San Donnino, una notte di veglia e preghiera “assieme” a Papa Francesco

28 Marzo 2014

Veglia in San Donnino (1)-800

Una veglia di preghiera ininterrotta, dalla sera all’alba, aperta dal vescovo. Una notte dedicata alla celebrazione della riconciliazione e all’adorazione dell’eucarestia in comunione con centinaia di diocesi del mondo.
L’ha organizzata per questa notte  la curia di Piacenza, accogliendo l’invito di papa Francesco che aprirà personalmente nella diocesi di Roma questa singolare iniziativa presiedendo, proprio oggi pomeriggio, una liturgia penitenziale in San Pietro.
In città, invece, la veglia si terrà nella chiesa di San Donnino, in largo Battisti. L’iniziativa, alla vigilia della quarta domenica di Quaresima nella quale il Vangelo propone il tema della misericordia, è stata ribattezzata “L’accolse con sé, una notte per lasciarsi riconciliare con Dio”.
Si comincerà questa sera alle 21 con la celebrazione penitenziale presieduta dal vescovo della diocesi Piacenza-Bobbio, monsignor Gianni Ambrosio. Verrà quindi esposto il Santissimo Sacramento per l’adorazione, fino alle 5 di domattina, quando si concluderà con la recita dell’Ufficio delle letture e la benedizione eucaristica.
Per tutta notte verrà garantita la presenza continua di sacerdoti per le confessioni. Diversi sacerdoti della città hanno già dato la loro disponibilità. Durante la veglia momenti di silenzio si alterneranno a momenti di musica e di preghiera che ritmeranno il tempo dell’adorazione. Ad ogni ora verrà proposta una preghiera comune, con un canto e la recita di un salmo.

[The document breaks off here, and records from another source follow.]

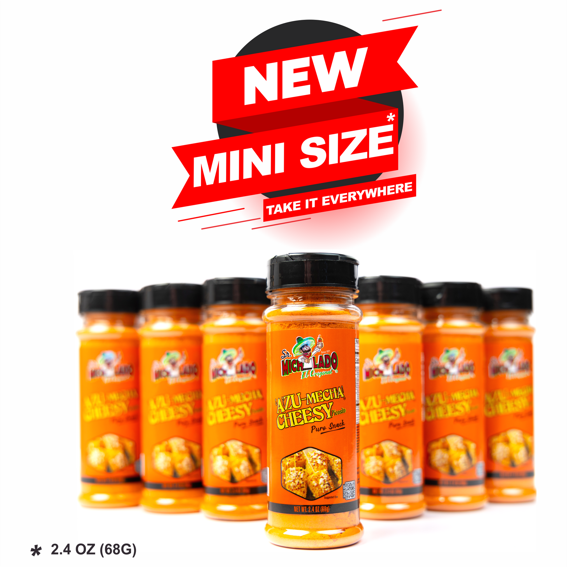 Looking for a fiery kick to spice up your food? Turn up the heat with our NEW MINI Size - Azu-Mecha CHEESY Seasoning (2.8oz) by Sr. Michelado! This travel-friendly size is perfect for on-the-go cravings. It delivers the same bold, spicy flavor you love just CHEESY, now in a smaller package.
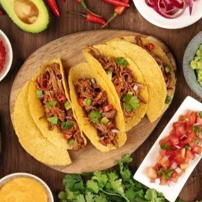5 tortillas de milho (taco shell) + sua carne preferida + Guacamole + Pico de Gallo + Sour Cream + creme de queijo + chilli beans... Ahhh vai tudo separado pra experiência ser a melhor possível.
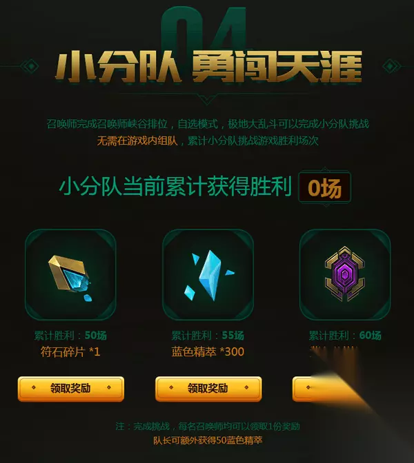 04 小分队 勇闯天涯 召唤师完成召唤师峡谷排位,自选模式,极地大乱斗可以完成小分队挑战 无需在游戏内组队,累计小分队挑战游戏胜利场次
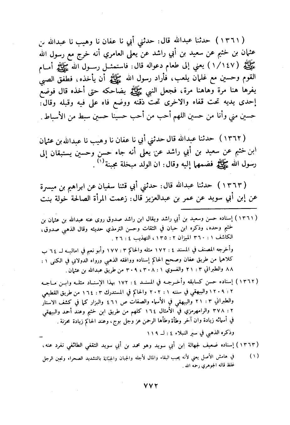 1361 - حَدَّثَنَا عَبْدُ اللَّهِ قَالَ: حَدَّثَنِي أَبِي، نا عَفَّانُ، نا وُهَيْبٌ، نا عَبْدُ اللَّهِ بْنُ عُثْمَانَ بْنِ خُثَيْمٍ، عَنْ سَعِيدِ بْنِ أَبِي رَاشِدٍ، عَنْ يَعْلَى الْعَامِرِيِّ، أَنَّهُ خَرَجَ مَعَ رَسُولِ اللَّهِ صَلَّى اللهُ عَلَيْهِ وَسَلَّمَ - يَعْنِي إِلَى طَعَامٍ دُعُوا لَهُ قَالَ: فَاسْتَمْثَلَ رَسُولُ اللَّهِ صَلَّى اللهُ عَلَيْهِ وَسَلَّمَ أَمَامَ الْقَوْمِ، وَحُسَيْنٌ مَعَ غِلْمَانٍ يَلْعَبُ، فَأَرَادَ رَسُولُ اللَّهِ صَلَّى اللهُ عَلَيْهِ وَسَلَّمَ أَنْ يَأْخُذَهُ، فَطَفِقَ الصَّبِيُّ يَفِرُّهَا هُنَا مَرَّةً وَهَا هُنَا مَرَّةً، فَجَعَلَ النَّبِيُّ صَلَّى اللهُ عَلَيْهِ وَسَلَّمَ يُضَاحِكُهُ حَتَّى أَخَذَهُ قَالَ: فَوَضَعَ إِحْدَى يَدَيْهِ تَحْتَ قَفَاهُ وَالْأُخْرَى تَحْتَ ذَقْنِهِ وَوَضَعَ فَاهُ عَلَى فِيهِ وَقَبَّلَهُ وَقَالَ: «§حُسَيْنٌ مِنِّي، وَأَنَا مِنْ حُسَيْنٍ، اللَّهُمَّ أَحِبَّ مَنْ أَحَبَّ حُسَيْنًا حُسَيْنٌ سِبْطٌ مِنَ الْأَسْبَاطِ» .
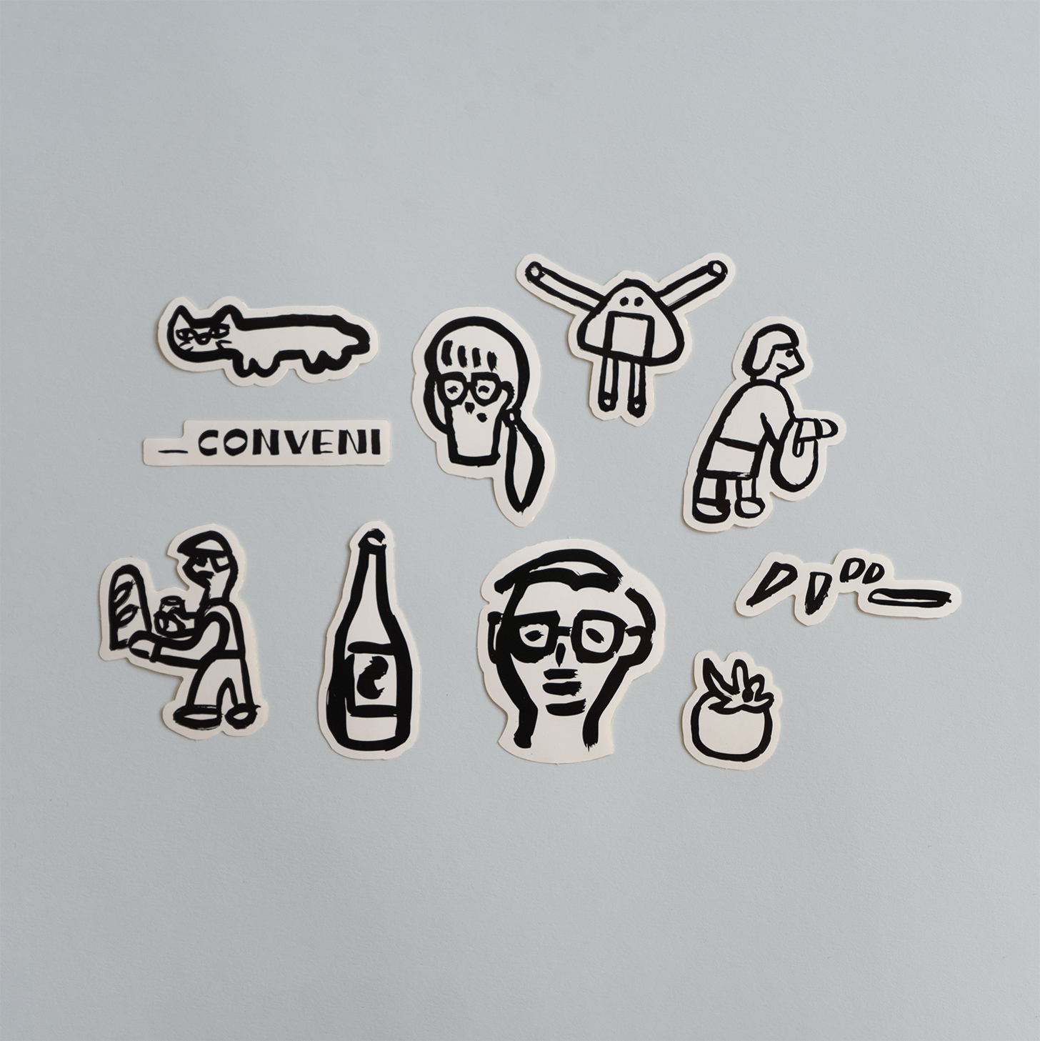 The bold black hand-drawn lines depict the individuals who bring this place to life—the customers who visit, the vegetables, drinks, and foods offered, the owner Mr. Fukatsu, and the store manager.
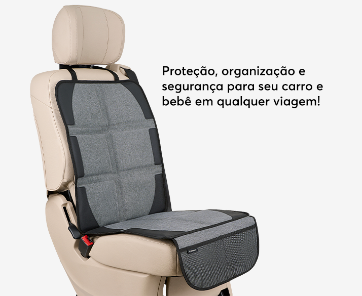 Proteja o estofamento do carro contra manchas e arranhões com o Car Seat Protector. Material antiderrapante, fixação compatível com Isofix e 2 bolsos de malha para brinquedos e lanches. Fácil de instalar, combina durabilidade, segurança e organização no uso da cadeirinha.
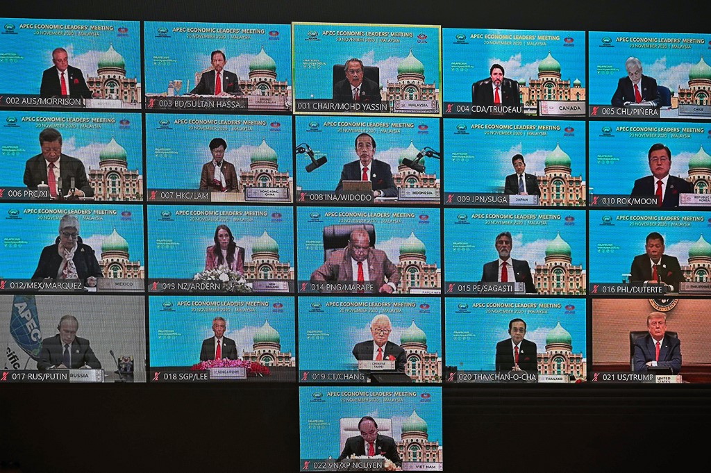 A screen shows the virtual meeting between world leaders, including US President Donald Trump (bottom R), Russian President Vladimir Putin (bottom L) and Chinese President Xi Jinping (L, second row from top), during the online Asia-Pacific Economic Cooperation (APEC) leaders' summit in Kuala Lumpur on November 20, 2020. MOHD RASFAN / AFP
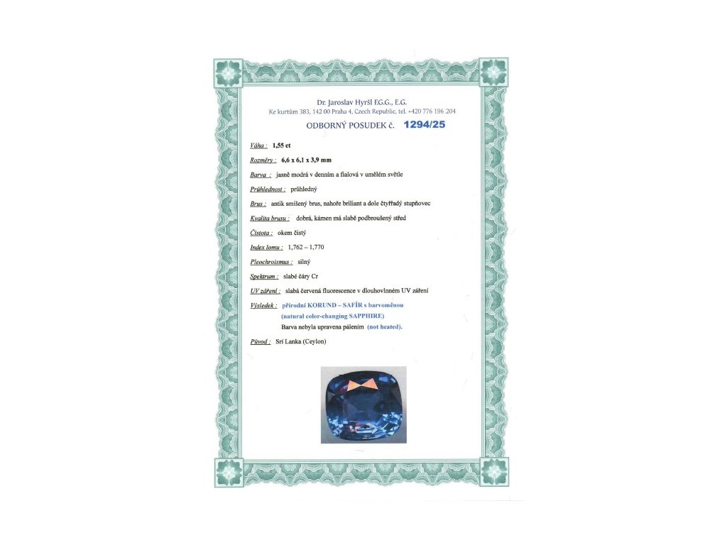 Safír modrý cushion 1,55 ct NATURAL CERTIFIKOVÁN
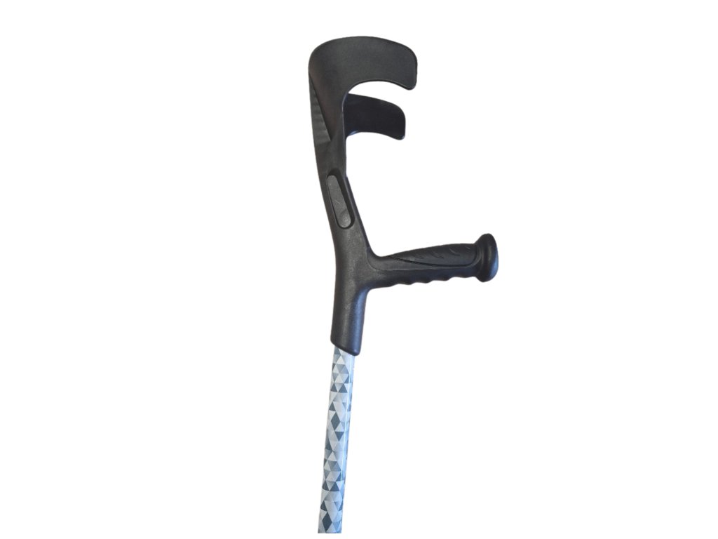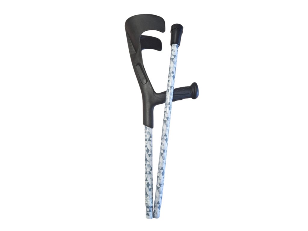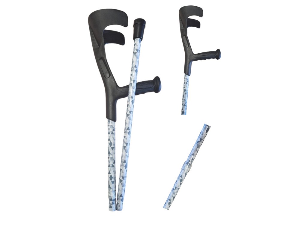 Skládací francouzská berle, výškově stavitelná. Lze jednoduše tahem rozložit na dvě části a ohnout (viz obrázek).
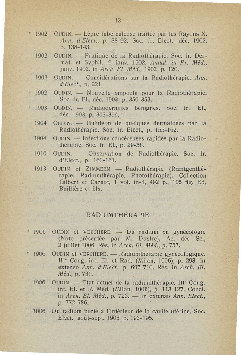 L'oeuvre scientifique du docteur P. Oudin (1851-1923). La Société française d'Electrothérapie et de Radiologie médicale en hommage à son ancien Président
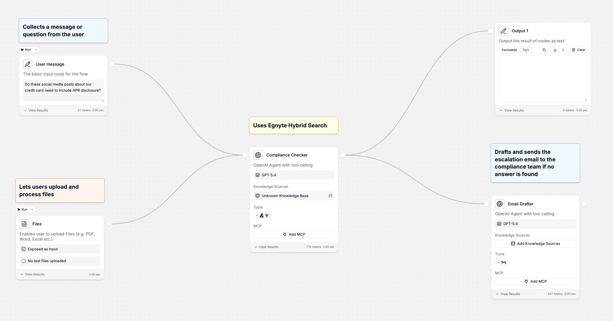 Deploy a Compliance Chatbot that uses Hybrid Search to find relevant policy documents in Egnyte and Ask Document Question to extract precise, cited answers. How it works:
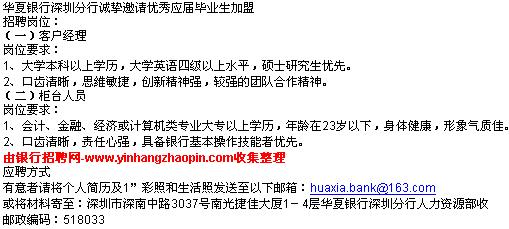 华夏银行深圳分行招聘内容

“Ciascuno è invitato a sostare nella notte in preghiera, anche per un tempo limitato, e, se desidera, accostarsi al sacramento del perdono: la chiesa è aperta per accogliere tutti quanti lo desiderano” è l’appello lanciato dall’ufficio pastorale, che invita i gruppi che si rendono disponibili a garantire un turno di adorazione a segnalarlo presso la segreteria dell’ufficio pastorale.